I’ve also been lucky to participate in Dr. Cheung’s UHN-led Reclaim Trial, where I benefited from the medication offered.
After a long and difficult road, I’m now grateful to be able to work again and for the good hours and good days, which are more frequent.
Many people ask me what I want the public and physicians to know about long COVID. I think the first is that “the tests are not normal” – we are just not ordering the right tests. Every study of long haulers shows unbelievable pathology: immune dysregulation, mitochondrial dysfunction, neuroinflammation, brain damage, vascular damage, gut dysbiosis, poor perfusion of the brain, lungs and other organs. We just don’t have an easily accessible biomarker yet.
The second thing is that while there are no approved treatments for long COVID yet, there IS hope, and there are treatments that help! Antihistamines, antidepressants for neuroinflammation, aggressive treatment of autonomic dysfunction, or POTS, resting and pacing for post-exertional malaise – these things can help.
The third is that the best way to prevent long COVID is to avoid getting COVID. I use Can95 masks, nasal sprays and HEPA filters. And, if you do get COVID, have a plan to enroll in CanTreatCOVID to contribute to the science on long COVID secondary prevention.

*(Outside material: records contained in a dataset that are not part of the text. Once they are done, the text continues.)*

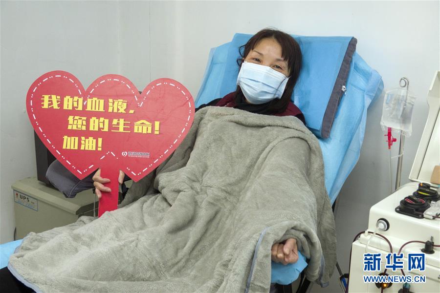 在武漢血液中心的中國醫(yī)學科學院CPnCoV項目組,康復病人、來自漢口醫(yī)院的護士蔡桃英在獻血漿時拍照留念。她說同事們都在一線忙碌,她獻血漿后,再休息幾天就準備回到崗位上班,她說自己感染是由于早期防護不足經(jīng)驗不夠造成的,再次回到工作崗位一定沒有問題(2月17日攝)。 新華社記者 才揚 攝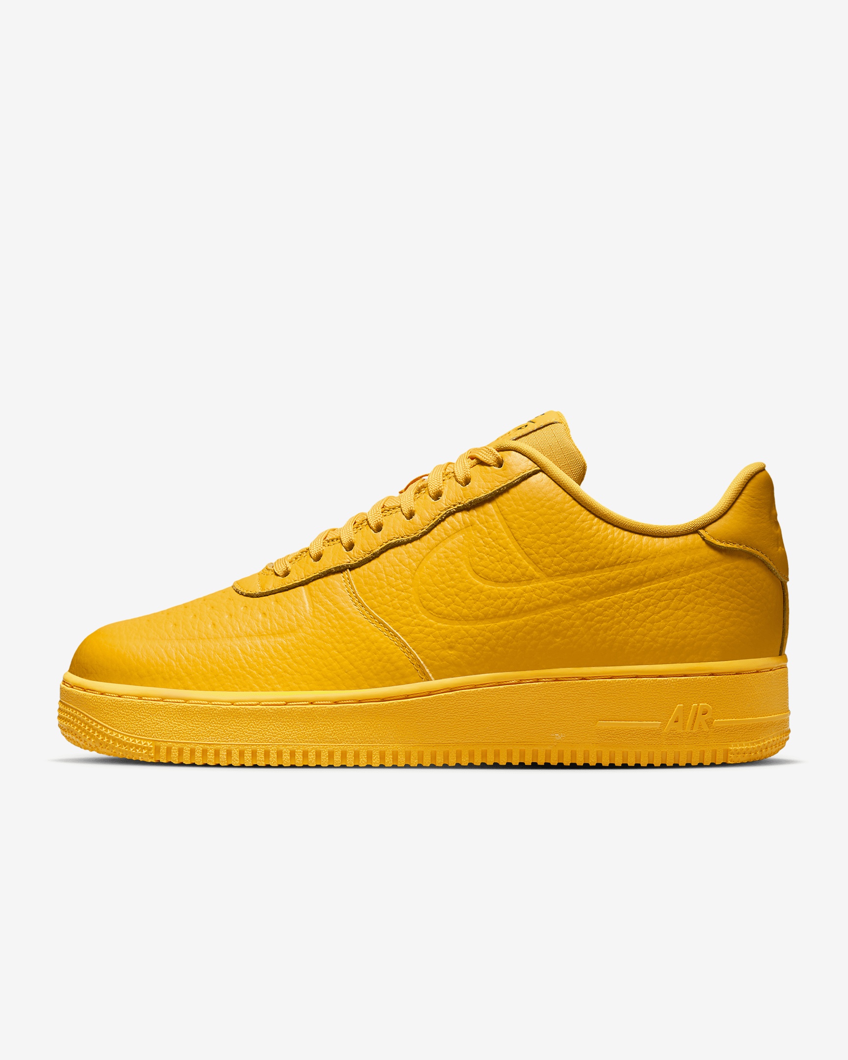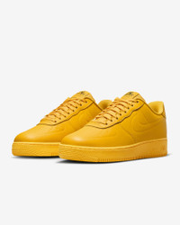 The radiance lives on in the Air Force 1 ’07 Pro-Tech—the basketball original that puts a fresh spin on what you know best. Monochromatic from top to bottom, this version uses waterproof materials so you can step out in style no matter the weather. Benefits - Leather upper with stitched overlays ages to soft perfection. - Originally designed for performance hoops, Nike Air technology adds lightweight cushioning. - Padded, low-cut collar feels great and looks sleek. - Rubber sole gives you durable traction. Product Details - Foam midsole - Shown: University Gold/Summit White/Black/University Gold - Style: FB8875-700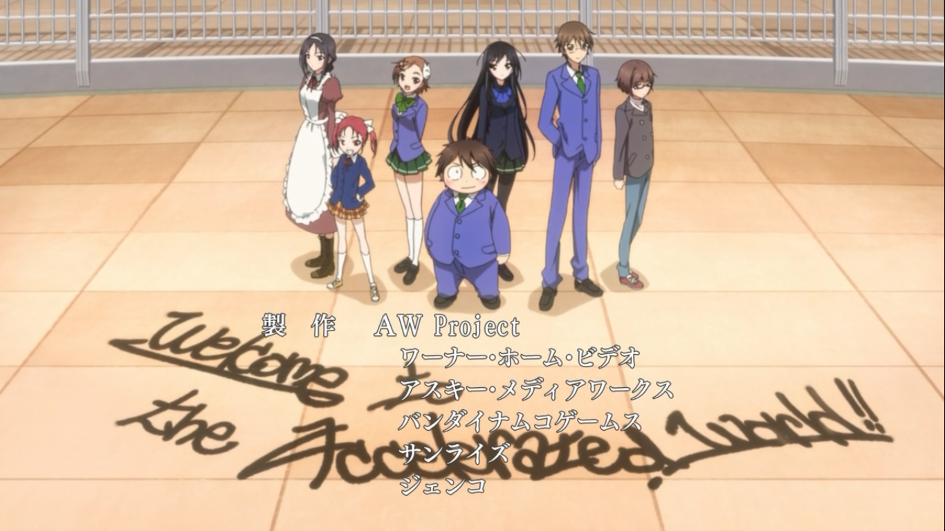 Description: A group of anime characters standing in a room with graffiti on the floor and a sign that says.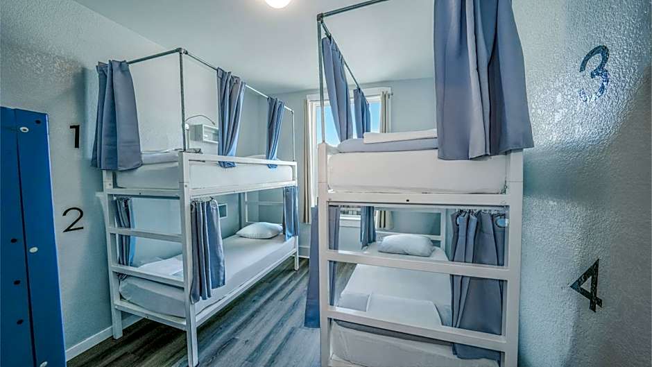 This is a coed dorm room that sleeps 8 people and shares a washroom.
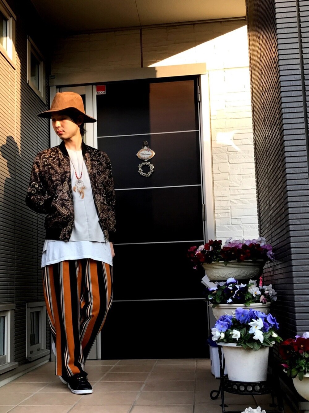 おはようございます☀ 今日は20度近くまで上がるみたいですねー(*´∇`*) ようやく春がやって着ましたねー!! 花粉症の俺にとっては地獄の季節ですが、ことファッションにおいては最高の季節ですよね❤️ さて、そんなこんなで春がやって着ますが、今年のSSトレンドに浮上してるのが『アフリカン パンク』です! せっかく春らしい気候になるそうなので、トレンドイメージでスタイリング組んでみました꒰✩⌯௰⌯꒱◞ HAREのクレイジーストライプパンツをベースに、ロングカットを挟みつつスエードトップスを合わせることで素材感で遊び、上からペイズリー柄ブルゾンを羽織りました❤️ ブルゾンはリバーシブルなのでひっくり返した無地バージョンのコーデも小窓にあげましたが、個人的には柄×柄のが好きです😆🌟 チャイハネのドリームキャッチャーネックレスを合わせて民族感をより加えました(ˊ•̤ω•̤ˋ) 柄×柄も要所要所に白黒グレーといった定番色はさみこめばアリだと思ってます😆🎵🎵 そんな感じです! にゃんにゃんフェスもよろしくです😻😻 それではお仕事行って着ます꒰✩⌯௰⌯꒱◞
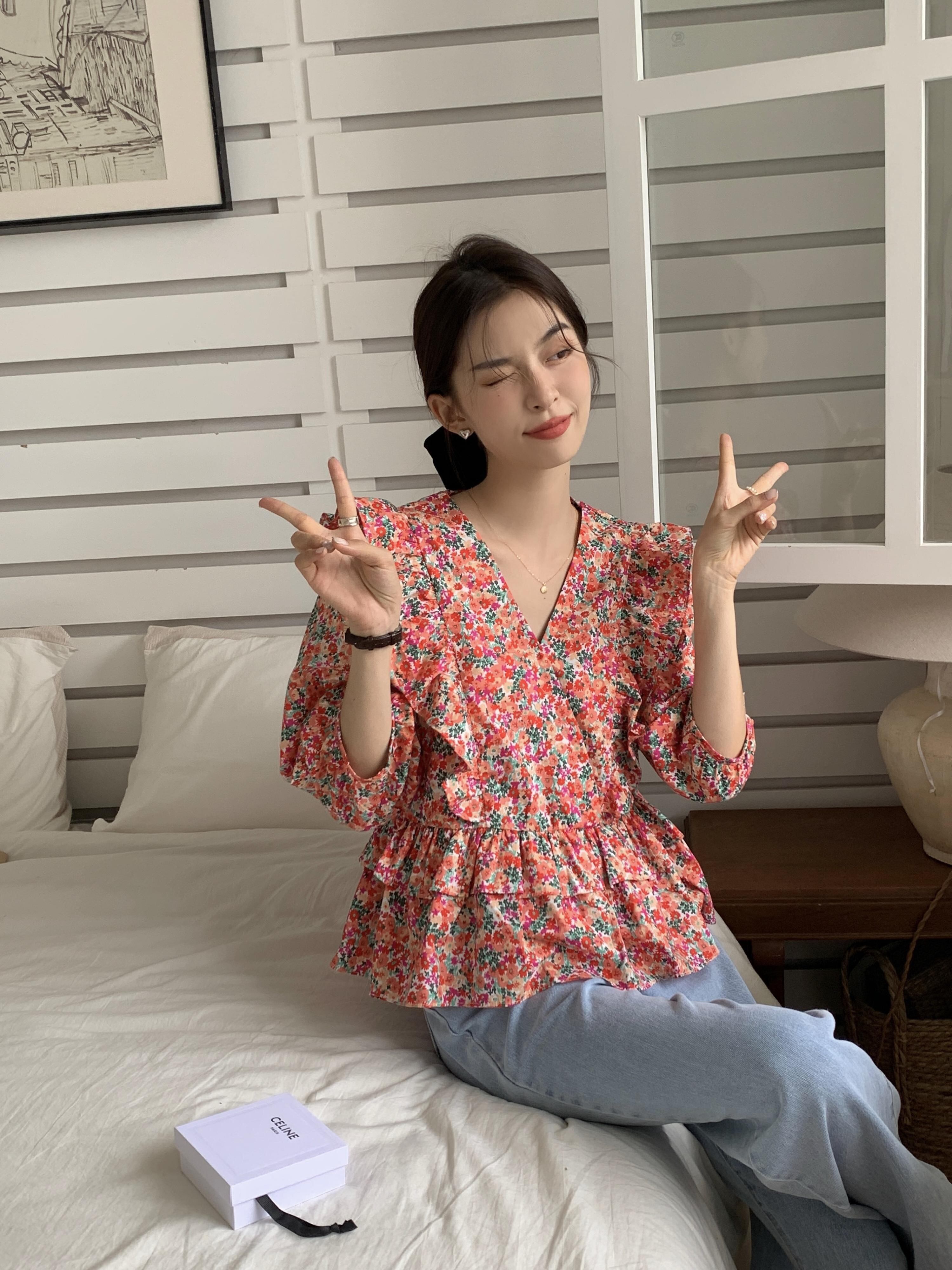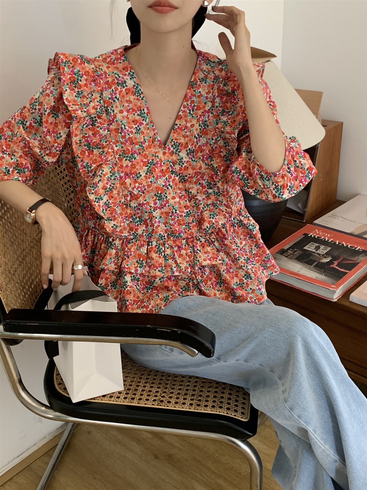 韓国ファッションNEW夏服Vネックショートシャツ ウェストフローラルレディース 大人ガーリー スウィート キュート カジュアル 夏物 花柄 ウエスト muzly26000540114 | Neatly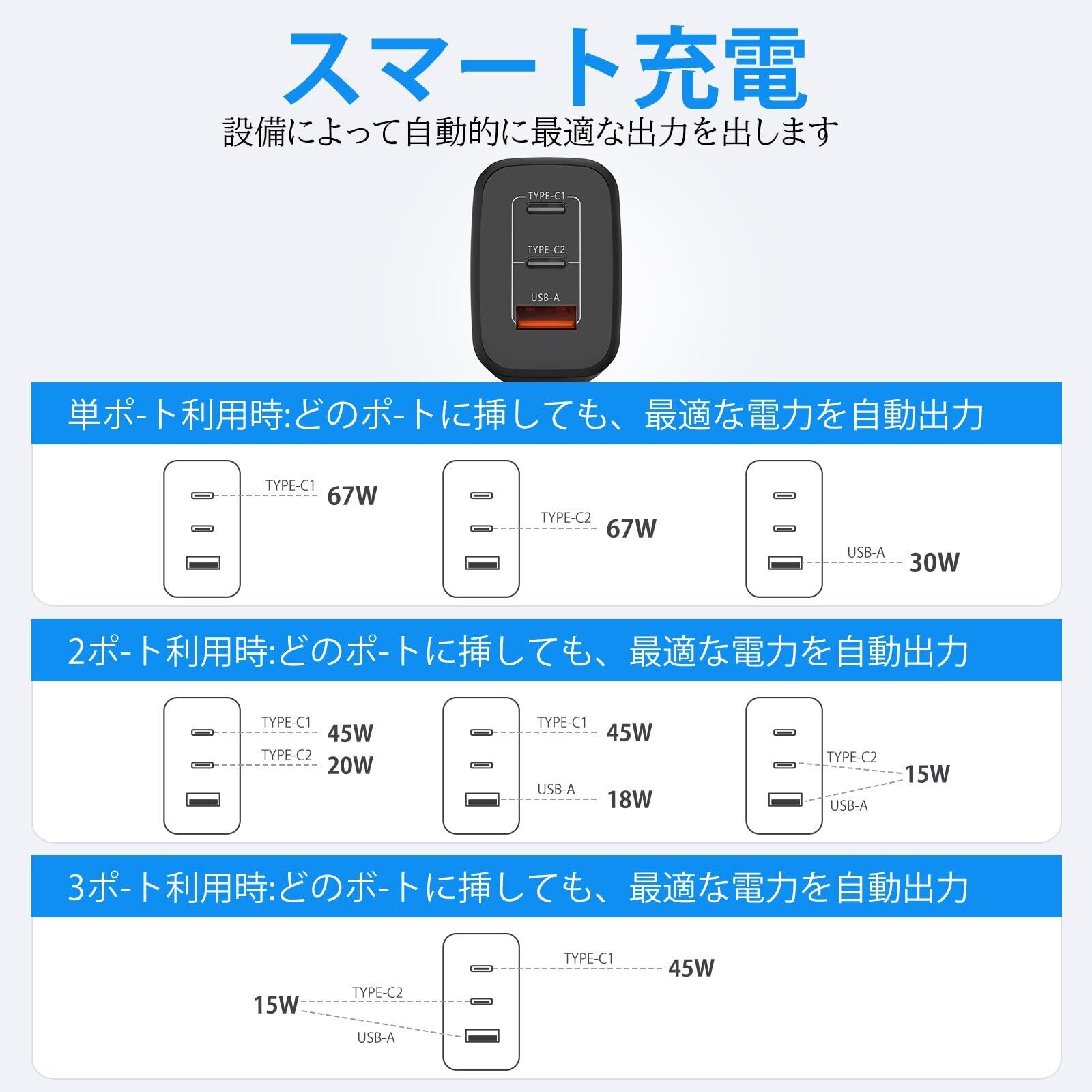 【革新型3in1充電器】BC1.2、DCP、QC2.0、QC3.0、QC4+、AFC、FCP、PD2.0、PD3.0、PPS、SCP様々な急速充電をサポートします。充電ポートは2つのUSB-Cポート(MAX 67W)と1つのUSB-Aポート(MAX 30W)が含まれています。2種3つUSBポート、1台の充電器だけでパソコン、スマホ、タブレット、イヤホンなど様々な電子設備に充電可能です。100〜240ボルトの広範囲の電圧、世界中に旅を立ちます。

And finally, we need a rapid acceleration of double-blinded, placebo-controlled, randomized clinical trials. Of the trials that are ongoing right now, only 12 of them are looking at pharmaceutical treatment of long COVID. This is in part because we don’t fully understand the root cause of post-viral illness – whether this is persistent virus, viral debris, reactivation of latent viruses, gut dysbiosis – and what is driving all of the downstream effects of end organ, vascular damage and microclotting.
Until then, I hope everyone with long COVID is seen, supported and heard.
Dr. Jennifer Hulme is an Emergency physician at UHN and a clinician investigator at the Toronto General Hospital Research Institute. She co-chairs the Health Equity Committee of the Global Health Emergency Medicine group, which brings together health professionals seeking solutions to improve outcomes for marginalized communities.